These activities have been extended, with increasing interest towards a widening of cultural exchanges with the rest of the world: witness the most recent highly successful season of the Madeleine Renault-Jean Louis Barrault repertory company from Paris. For two seasons, the distinguished British actor, director, and playwright, Emlyn Williams, under my management, has brought to life, from coast to coast, the incomparable prose of Charles Dickens in theatrical presentations that have fascinated both ear and eye, performances that stemmed from a rare combination of talent, dexterity, love, and intelligence.

I am able to say, very frankly, that I am one impresario who has managed artists in all fields.

All these things, and more, have been done. For what they are worth, they have been written in the pages of the history of the arts in our time. They have become a part of the record.

So it will be seen that only one part of my life has been concerned with ballet. To list all the fine concert artists and companies I have managed and manage would take up too much space.

It is quite within the bounds of possibility that I shall do a third book, devoted to life among the concert artists I have managed. It could, I am sure, make interesting reading.

If art is to grow and prosper, if the eternal verities are to be preserved in these our times and into that unborn tomorrow which springs eternally from dead yesterdays, there must be no cessation of effort, no diminution of our energies. Thirty-odd years of dead yesterdays have served only to whet my appetite, to stimulate my eagerness for what lies round the corner and my desire to increase my contribution to those things that matter in the cultural and spiritual life of that unborn tomorrow wherein lies our future.

I shall try to outline some of the plans and hopes I have in mind. Before I do so, however, I should like to make what must be, however heartfelt, inadequate acknowledgement to those who have so generously helped along the way. If I were to list all of them, this chapter would become a catalogue of names. To all of those who are not mentioned, my gratitude is none the less sincere and genuine. Above all, no slight is intended. Space permits only the singling out of a few.
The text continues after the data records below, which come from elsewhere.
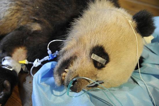手术结束,麻药效果还没退去,熊猫还在昏迷中。澎湃新闻 邓建新 图
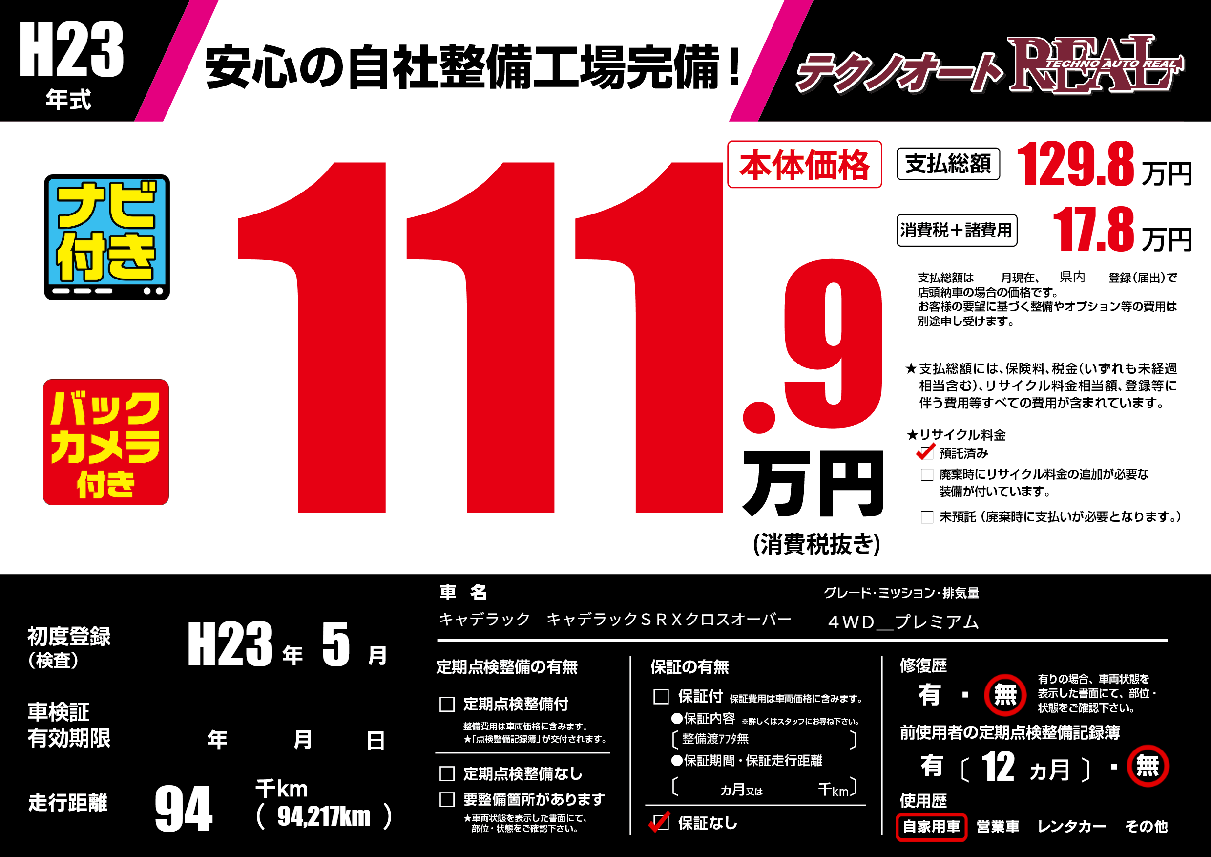 | 走行キロ | 9.4万km | 初年度登録 | H23年5月 |
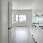 Siisti ja valoisa koti Hermannissa. Keittiössä pyörillä liikuteltava apupöytä ja paikka astianpesukoneelle. Kylpyhuoneessa pyykinpesukoneliitäntä.
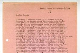 Berlin, Alemania [a] Hernán Valdés, Barcelona, España Carta, 1981 lunes de Pentecostés, [manuscrito] / Antonio Avaria. 1 hoja ; 29,5 x 21 cm. .
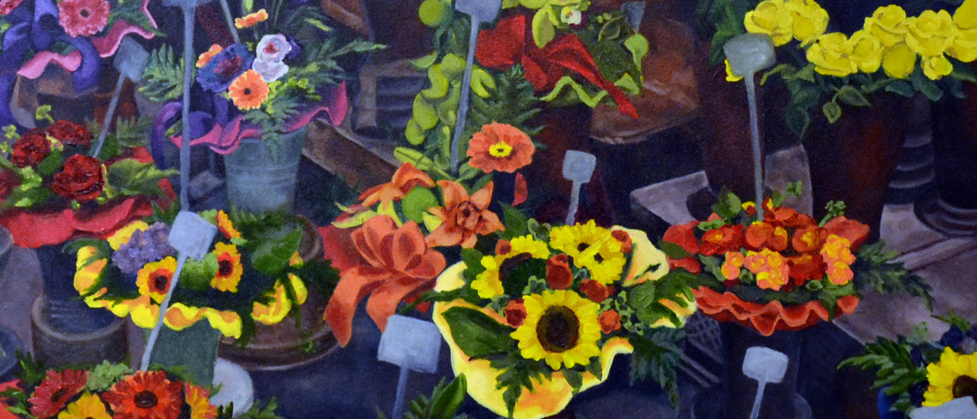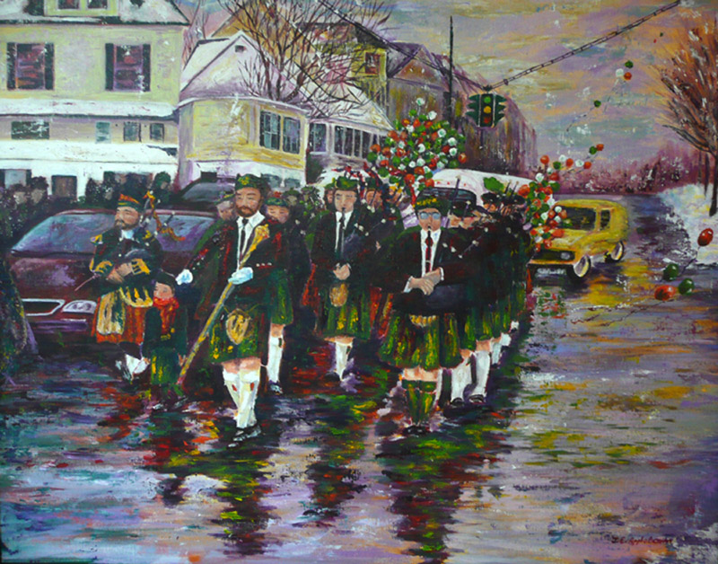 Joan Applebaum‘s acrylic does a nice job of depicting the annual green beer parade held on Tipperary Hill several weeks before St. Patrick’s Day. She integrates adjacent buildings and the parade action, leading a viewer’s eyes from the quilts of pipers playing music to other sights, including green balloons, afternoon shadows resting on pavement and a singular stoplight with the green light on top.
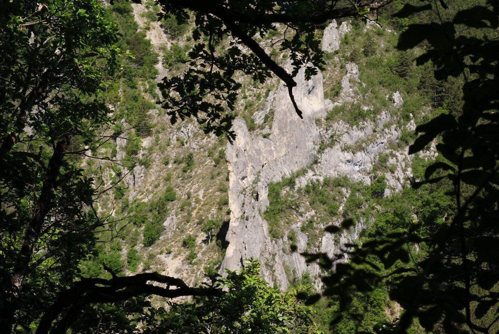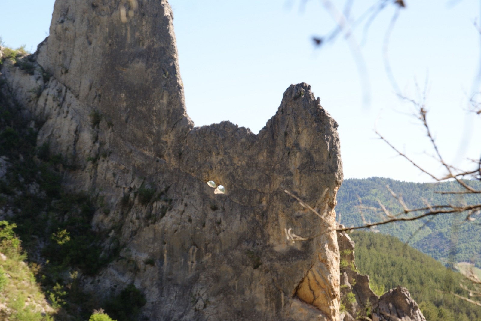 Vers 570 m, on rencontre une première bifurcation. Si l'on part à droite on se trouve sur le sentier utilisé par les canyonistes pour atteindre le point de départ de la descente du canyon de Betton. Il grimpe rive droite du canyon puis passe sur une vire exposée sécurisée par une vieille corde. Depuis cette vire on a une bonne vue sur une belle arche double sur une lame calcaire rive gauche. Je ne suis pas allé au bout de ce sentier. Sur ce sentier, peu après la bifurcation à 570 m, un sentier à gauche permet de rejoindre l'autre branche.
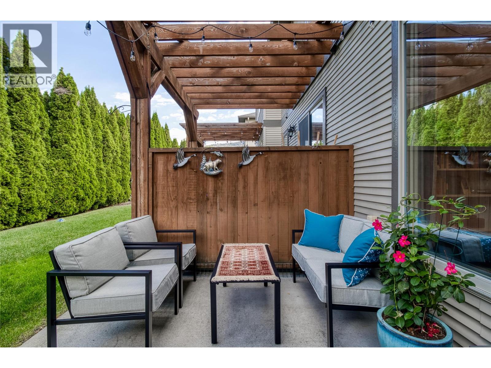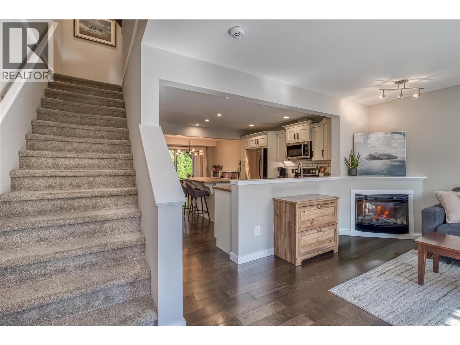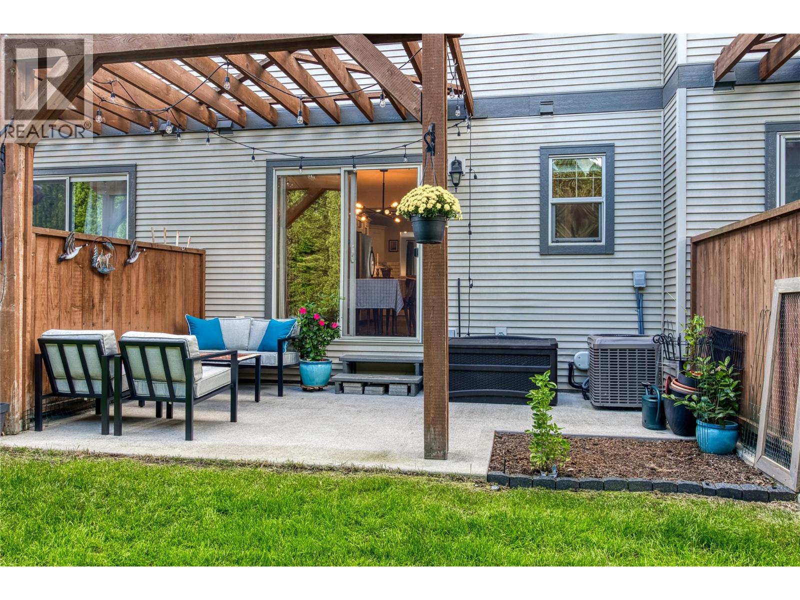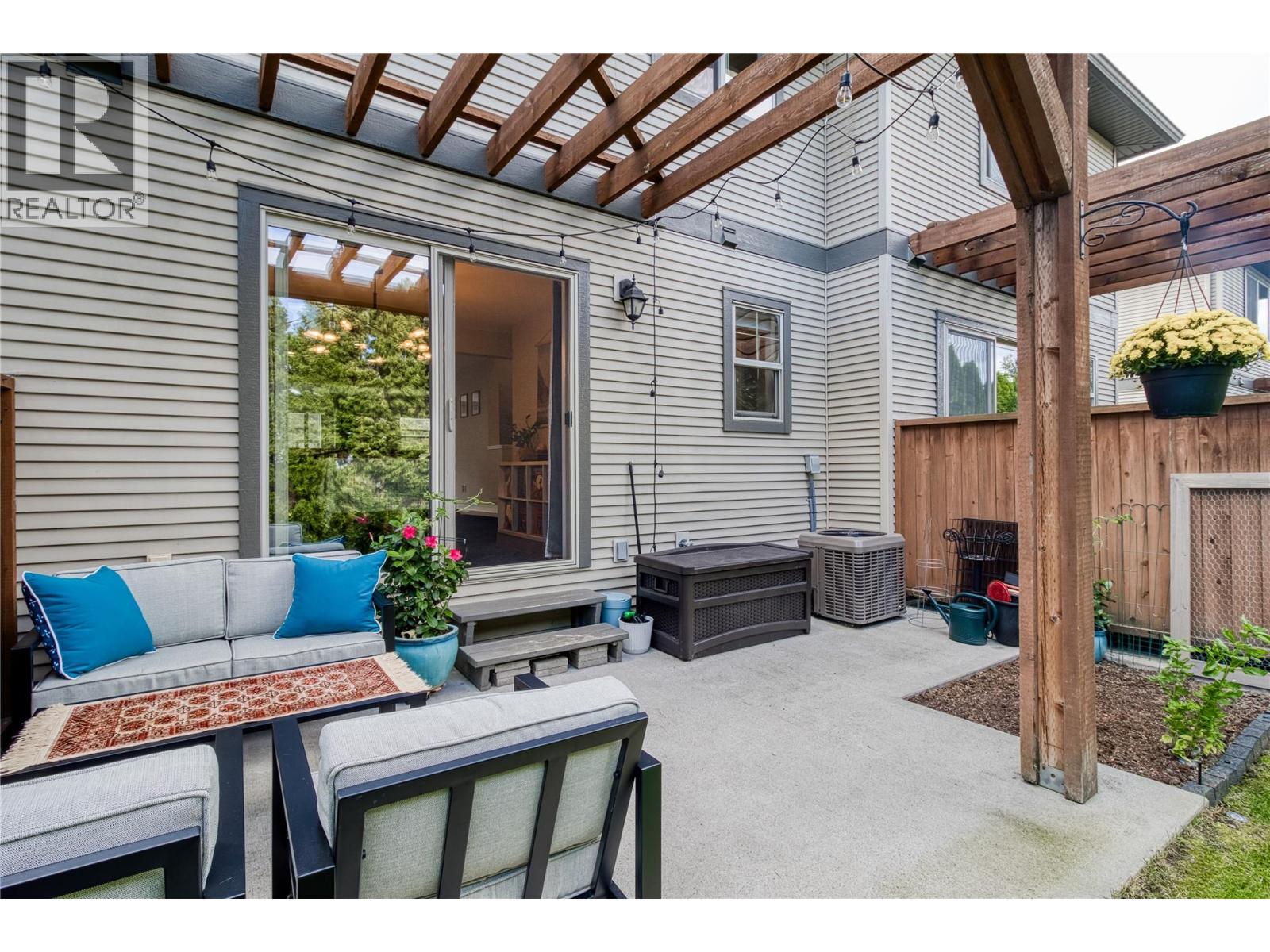 Discover modern comfort and unbeatable convenience in this stylish 3bed, 2.5bath townhome tucked away on the quiet side of the Capstone Lane community. Thoughtfully designed for today’s lifestyle, this home features an open concept main level with a bright white kitchen showcasing SS appliances including a new stove and microwave (2024), subway tile backsplash, and a large island perfect for casual dining and entertaining family and friends. The freshly painted interior feels bright and inviting, while the cozy fireplace adds warmth and ambiance to the living area. Step directly from the kitchen to your private backyard retreat, complete with a patio and pergola. Ideal for outdoor dining or enjoying sunny afternoons. Upstairs, a well-planned layout for families, with a primary suite featuring an ensuite, two additional bedrooms, plus convenient upper level laundry and a full main bathroom. The tandem garage offers parking for two vehicles, with an additional space on the driveway. Furnace replaced in 2023 for added peace of mind. Capstone Lane is a family-friendly, pet-friendly community featuring its own playground. Located just across the street from the YMCA pool and gym, Rutland Arena, and the expansive Rutland Rec Park with sports fields, pickleball and tennis courts, community gardens, and off-leash dog parks. Close to schools, public transit, shopping, and UBCO. This home combines peace, style, and convenience for the ideal Okanagan lifestyle. (id:62999)
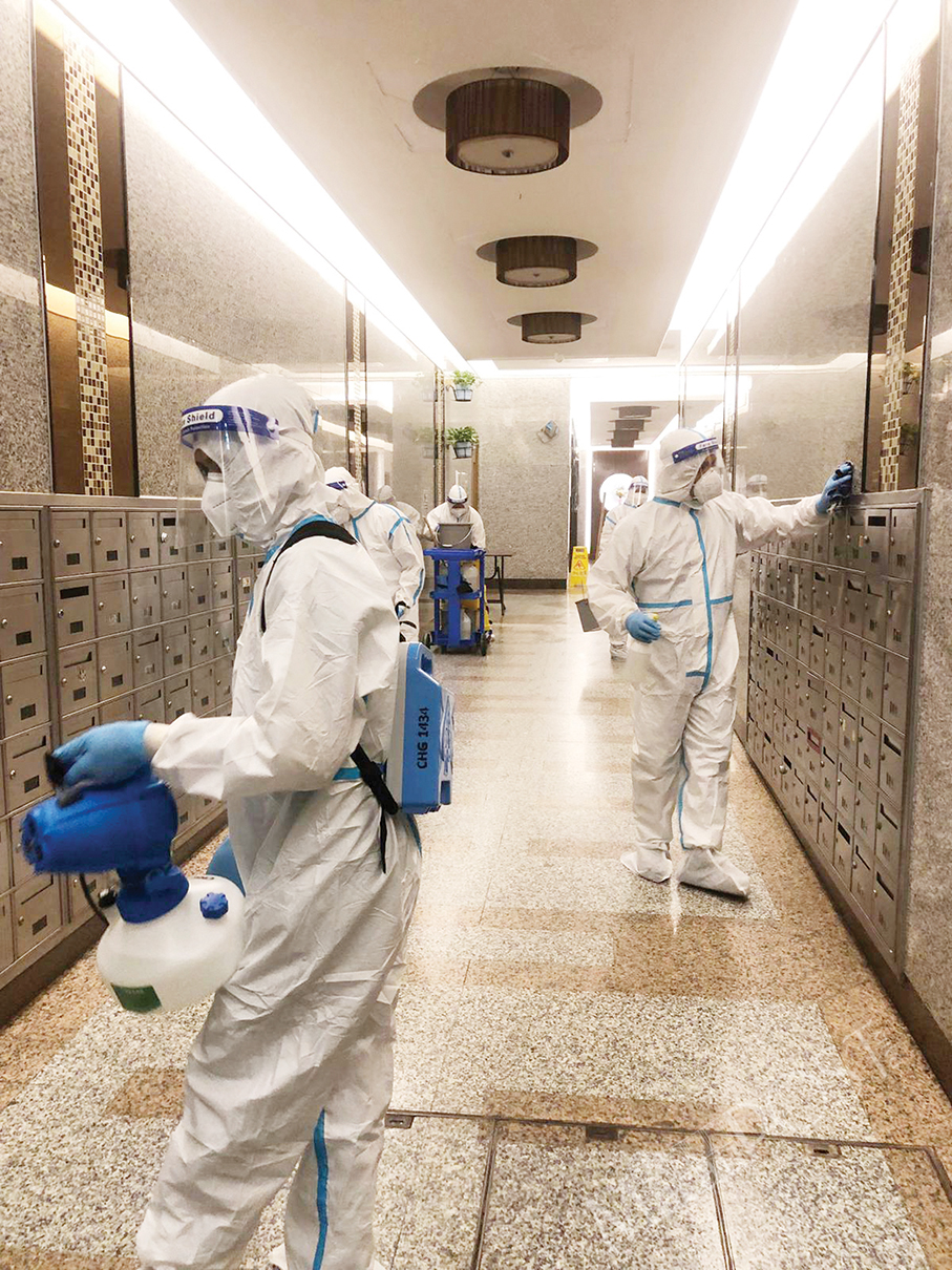 Large-scale cleaning and disinfection were conducted in the residential buildings of confirmed COVID-19 cases, which was completed yesterday, according to a statement by the Municipal Affairs Bureau (IAM).

The year in which these lines are written has been singularly rich, rewarding, and happy: climaxed as it was by the production and release of the motion-picture film, Tonight We Sing, based on some experiences and aspects of my life. If the film does nothing else, I hope it succeeds in underlining the difference, in explaining the vast gulf that separates the mere booker or agent from what, for want of a better term, must be called an impresario, since it is a word that has been fully embraced into the English language. Impresario stems from the Italian impresa: an undertaking; indirectly it gave birth to that now archaic English word “emprise,” literally a chivalrous enterprise. I can only regard the discovery, promotion, presentation of talent, the financing of it, the risk-taking, as the “emprise” of an “impresario.”

The presentation of this film has been accompanied by tributes and honors for which I am deeply and humbly grateful and which I cherish and respect beyond my ability to express.

None of these heights could have been scaled, none of these successes attained, without the help, encouragement, and personal sacrifice of my beloved wife, Emma. Her wise counsel in music, literature, theatre, and the dance all stem from her deep knowledge as a lady of culture, an artist and a musician, and from her studies at the Leningrad Conservatory, her rich experience in the world’s cultural activities. Her sacrifices are those great ones of the patient, understanding wife, who, through the years, has had to endure, and has endured without complaint, the loneliness of days and nights on end alone, when my activities have taken me on frequent long trips about the world at a moment’s notice, to the complete disruption of any normal family life.